━━ Available data
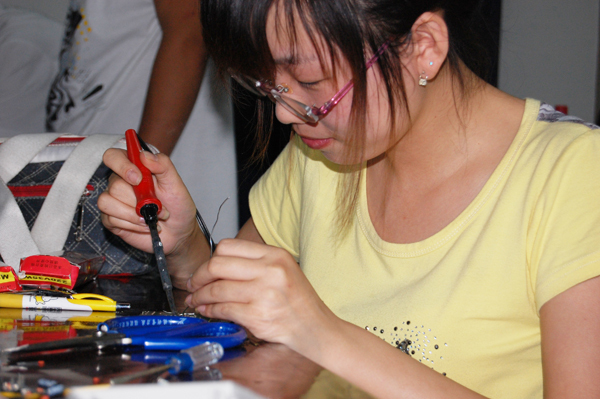 比赛现场还有不少女生组认真地进行焊接,颇有巾帼不让须眉的风范。
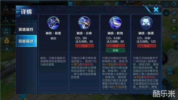 兰陵王附近出现敌人时,兰陵王会提高自身的移动速度,帮助他快速接近敌人。虽然兰陵王缺乏位移技能,但这个被动却让他丝毫不受限制,可以更好的接近并且击杀敌人,并且如果身处险境,兰陵王还可以巧妙的利用被动进行逃脱,无比灵活。
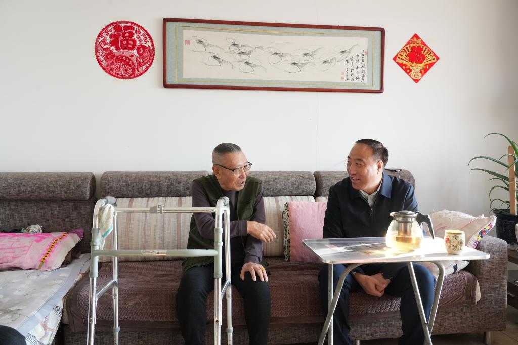 12月30日上午,劉峰來到離休干部孫貴卿家中與老人親切交談,詳細(xì)詢問其生活狀況、身體情況及家庭生活實際需求,認(rèn)真傾聽他對學(xué)校發(fā)展的想法和建議,對孫貴卿為學(xué)校建設(shè)發(fā)展作出的貢獻(xiàn)表示感謝。劉峰叮囑孫貴卿要保重身體,保持樂觀心態(tài),有困難及時向?qū)W校反映,同時要求隨行人員,要始終把老干部的冷暖放在心上,在生活上給予更多關(guān)心與照顧。
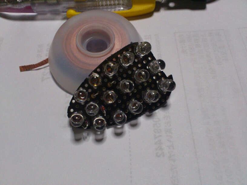 最後にグルーガンでガチガチに固めて防水??wになるかは判りませんが、振動でクラックが入ってLEDの足同士が接触してショートしないようにしておきますw
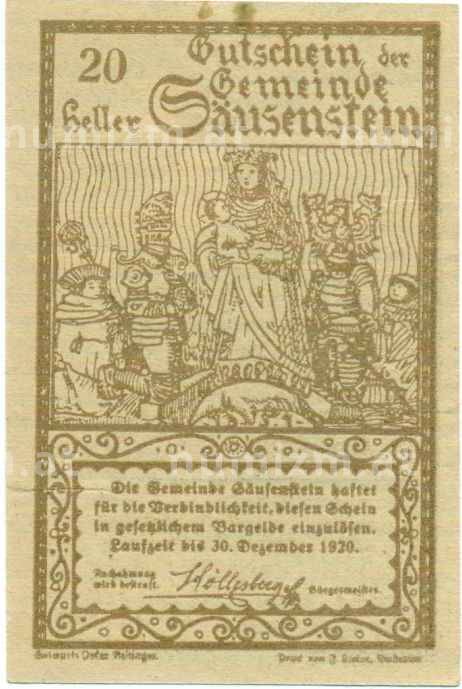 Купить 20 геллеров 1920 года Австрия — Заусенштайн (Нотгельд) по привлекательной цене можно в нашем интернет-магазине — Вам достаточно оформить заказ на сайте. Все монеты, представленные в каталоге, находятся в наличии на нашем складе.
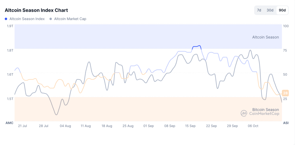 October often carries a hopeful tone for crypto. Today’s tape feels different. Both the Altcoin Season Index and the Fear and Greed Index hover at 25, a reading that tilts toward Bitcoin season, yet Bitcoin itself trades only slightly above $105,000 after sliding 13% in a week. That combination leaves altcoin holdings exposed while liquidity rotates quickly between books.
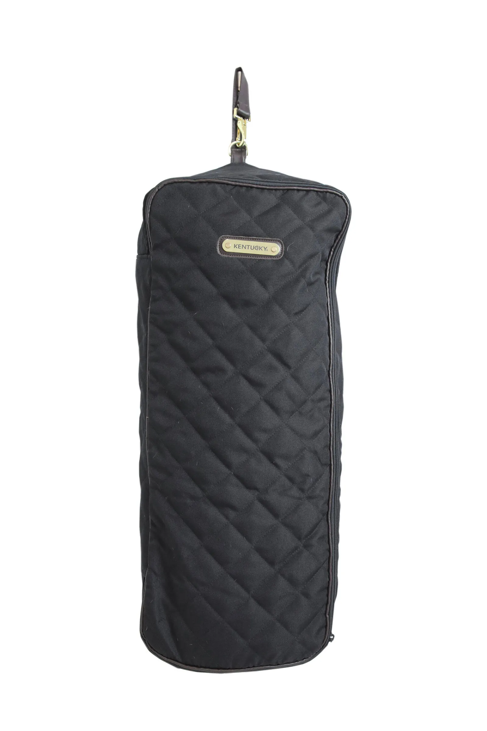 The Bridle Bag has artificial rabbit skin on the inside to avoid scratches on the leather.You can easily attach your bridle to the hook on the inside and the name tag on the front can be personalized. The Bridle Bag can be attached to anything thanks to the hook & ring on top. It has the same diamond quilting that the Kentuck stable set (curtain, guard, head protector)And rugs! Therefore, this Bridle Bagis the perfect addition to you Kentucky show look.
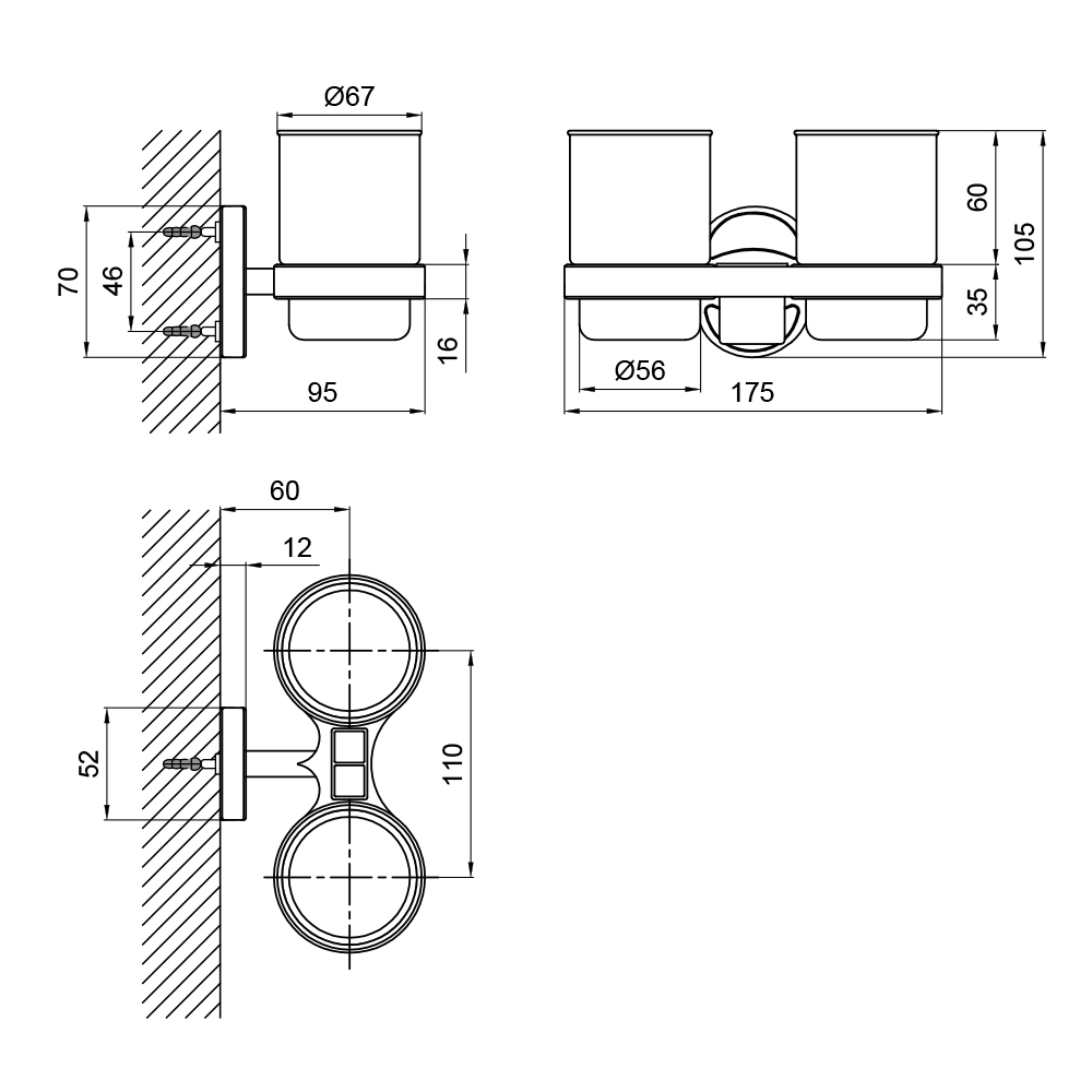 Характеристики Стакан подвійний Lidz (CRG) 114.04.02 з тримачем для зубних щіток код товару SD00028261
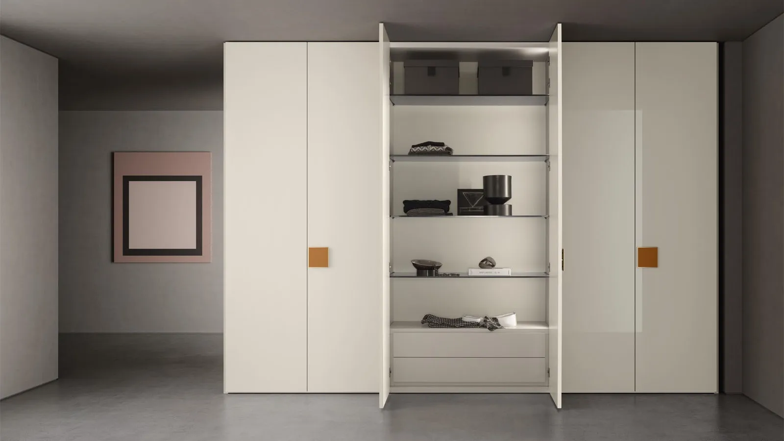 Visiting us means seeing in person the offerings of the renowned brand, always with a high aesthetic content. Matte lacquered hinged wardrobe Plana by Pianca: if you desire professional interior designers for quotes and projects, create your dream home with us. Reliability and comfort are the aspects that, together with a certain style, distinguish all the modern custom wardrobes by Pianca. Matte lacquered hinged wardrobe Plana by Pianca in matte lacquered finish: in a wide range of furniture and accessories, this model will complete your bedroom as you've always dreamed. If you want to create a practical and sophisticated room, fill out the form or visit us for information, advice, and news in the field of Home Furnishings. A diverse availability of furniture in matte lacquered finish like this wardrobe with hinged doors in the photograph.
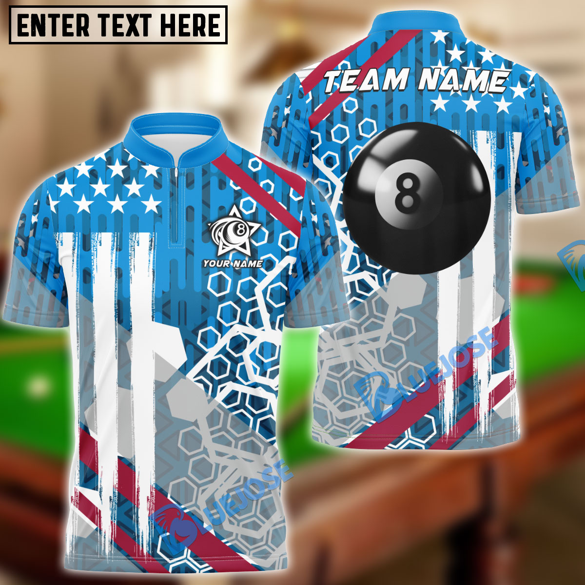 BlueJose Billiards 8 ball & 9 Ball New USA Personalized Name, Team Name Shirt (4 Colors)
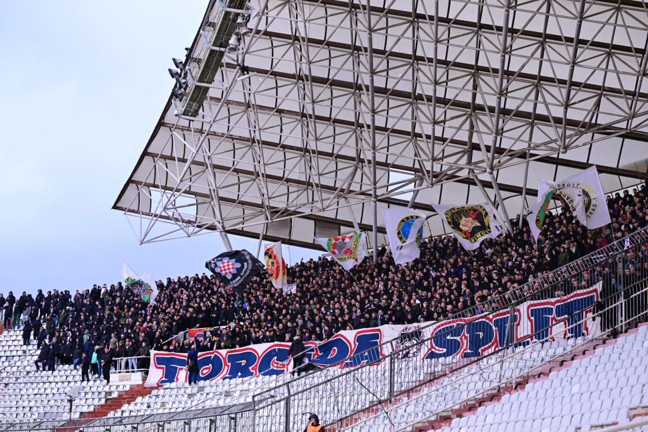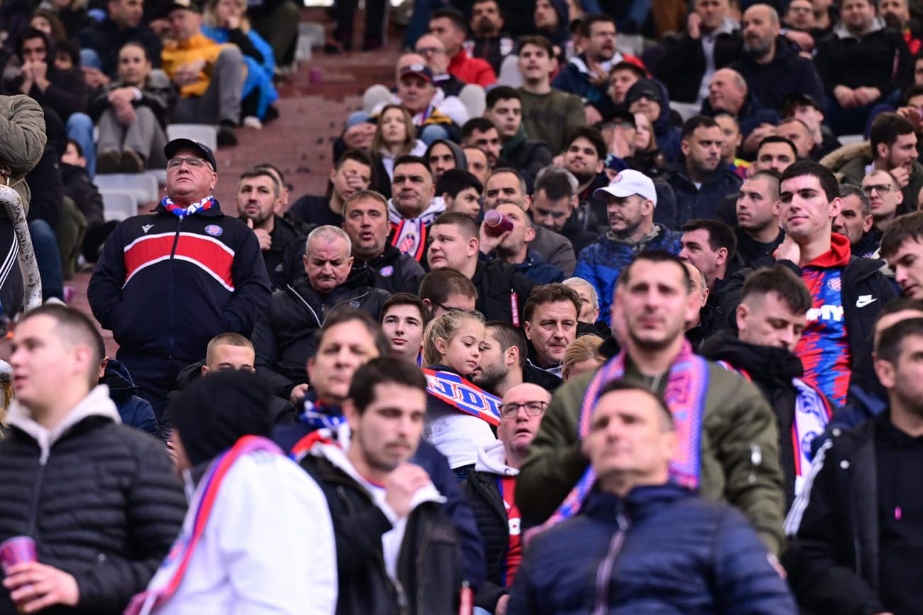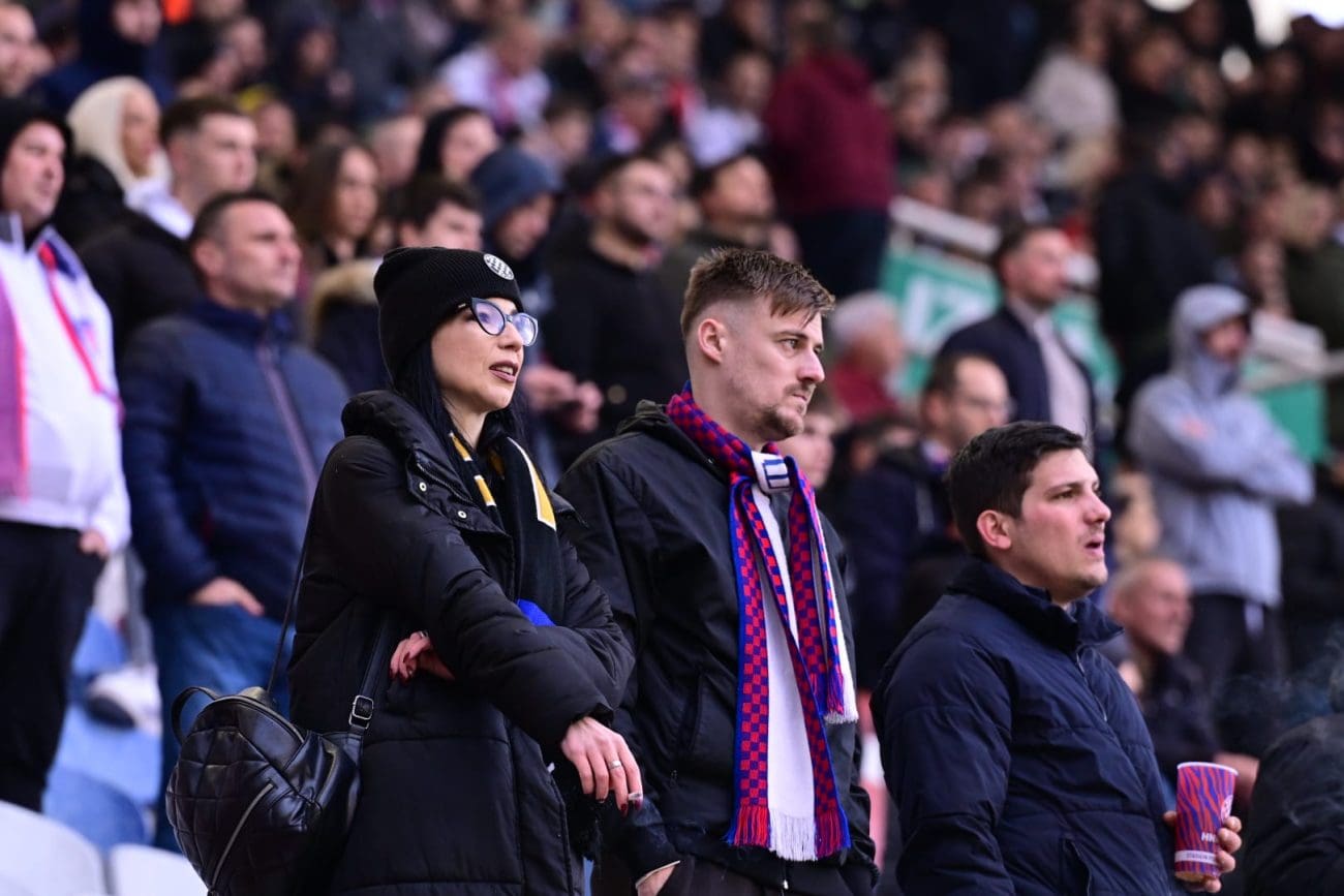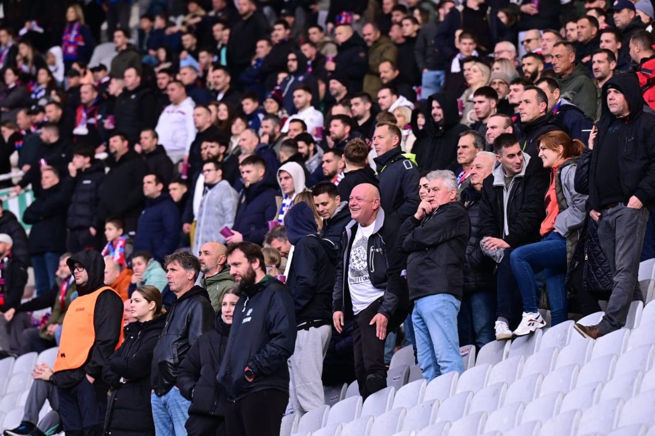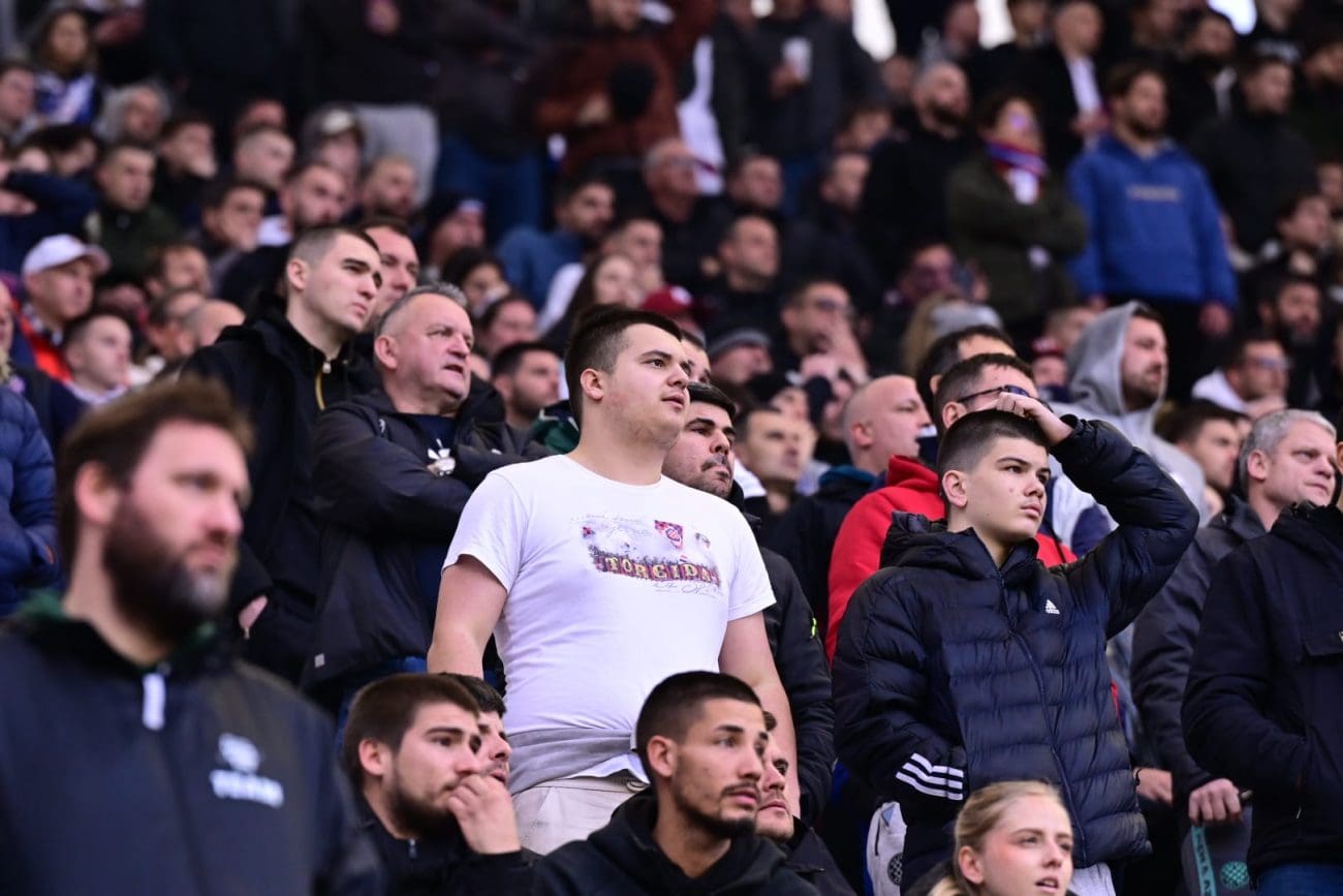 Vremenske prilike snažno utječu i na atmosferu na tribinama. Unatoč solidnom broju gledatelja koji su, bez obzira na jugo i kišu, došli na stadion, raspoloženje je vidljivo loše.
━━━━
**Problem to work on:** Each entry is to be returned as it stands, and each picture is to be left out.

**Exercise answer:**
 比赛现场还有不少女生组认真地进行焊接,颇有巾帼不让须眉的风范。
 兰陵王附近出现敌人时,兰陵王会提高自身的移动速度,帮助他快速接近敌人。虽然兰陵王缺乏位移技能,但这个被动却让他丝毫不受限制,可以更好的接近并且击杀敌人,并且如果身处险境,兰陵王还可以巧妙的利用被动进行逃脱,无比灵活。
 12月30日上午,劉峰來到離休干部孫貴卿家中與老人親切交談,詳細(xì)詢問其生活狀況、身體情況及家庭生活實際需求,認(rèn)真傾聽他對學(xué)校發(fā)展的想法和建議,對孫貴卿為學(xué)校建設(shè)發(fā)展作出的貢獻(xiàn)表示感謝。劉峰叮囑孫貴卿要保重身體,保持樂觀心態(tài),有困難及時向?qū)W校反映,同時要求隨行人員,要始終把老干部的冷暖放在心上,在生活上給予更多關(guān)心與照顧。
 最後にグルーガンでガチガチに固めて防水??wになるかは判りませんが、振動でクラックが入ってLEDの足同士が接触してショートしないようにしておきますw
 Купить 20 геллеров 1920 года Австрия — Заусенштайн (Нотгельд) по привлекательной цене можно в нашем интернет-магазине — Вам достаточно оформить заказ на сайте. Все монеты, представленные в каталоге, находятся в наличии на нашем складе.
 October often carries a hopeful tone for crypto. Today’s tape feels different. Both the Altcoin Season Index and the Fear and Greed Index hover at 25, a reading that tilts toward Bitcoin season, yet Bitcoin itself trades only slightly above $105,000 after sliding 13% in a week. That combination leaves altcoin holdings exposed while liquidity rotates quickly between books.
 The Bridle Bag has artificial rabbit skin on the inside to avoid scratches on the leather.You can easily attach your bridle to the hook on the inside and the name tag on the front can be personalized. The Bridle Bag can be attached to anything thanks to the hook & ring on top. It has the same diamond quilting that the Kentuck stable set (curtain, guard, head protector)And rugs! Therefore, this Bridle Bagis the perfect addition to you Kentucky show look.
 Характеристики Стакан подвійний Lidz (CRG) 114.04.02 з тримачем для зубних щіток код товару SD00028261
 Visiting us means seeing in person the offerings of the renowned brand, always with a high aesthetic content. Matte lacquered hinged wardrobe Plana by Pianca: if you desire professional interior designers for quotes and projects, create your dream home with us. Reliability and comfort are the aspects that, together with a certain style, distinguish all the modern custom wardrobes by Pianca. Matte lacquered hinged wardrobe Plana by Pianca in matte lacquered finish: in a wide range of furniture and accessories, this model will complete your bedroom as you've always dreamed. If you want to create a practical and sophisticated room, fill out the form or visit us for information, advice, and news in the field of Home Furnishings. A diverse availability of furniture in matte lacquered finish like this wardrobe with hinged doors in the photograph.
 BlueJose Billiards 8 ball & 9 Ball New USA Personalized Name, Team Name Shirt (4 Colors)
 Vremenske prilike snažno utječu i na atmosferu na tribinama. Unatoč solidnom broju gledatelja koji su, bez obzira na jugo i kišu, došli na stadion, raspoloženje je vidljivo loše.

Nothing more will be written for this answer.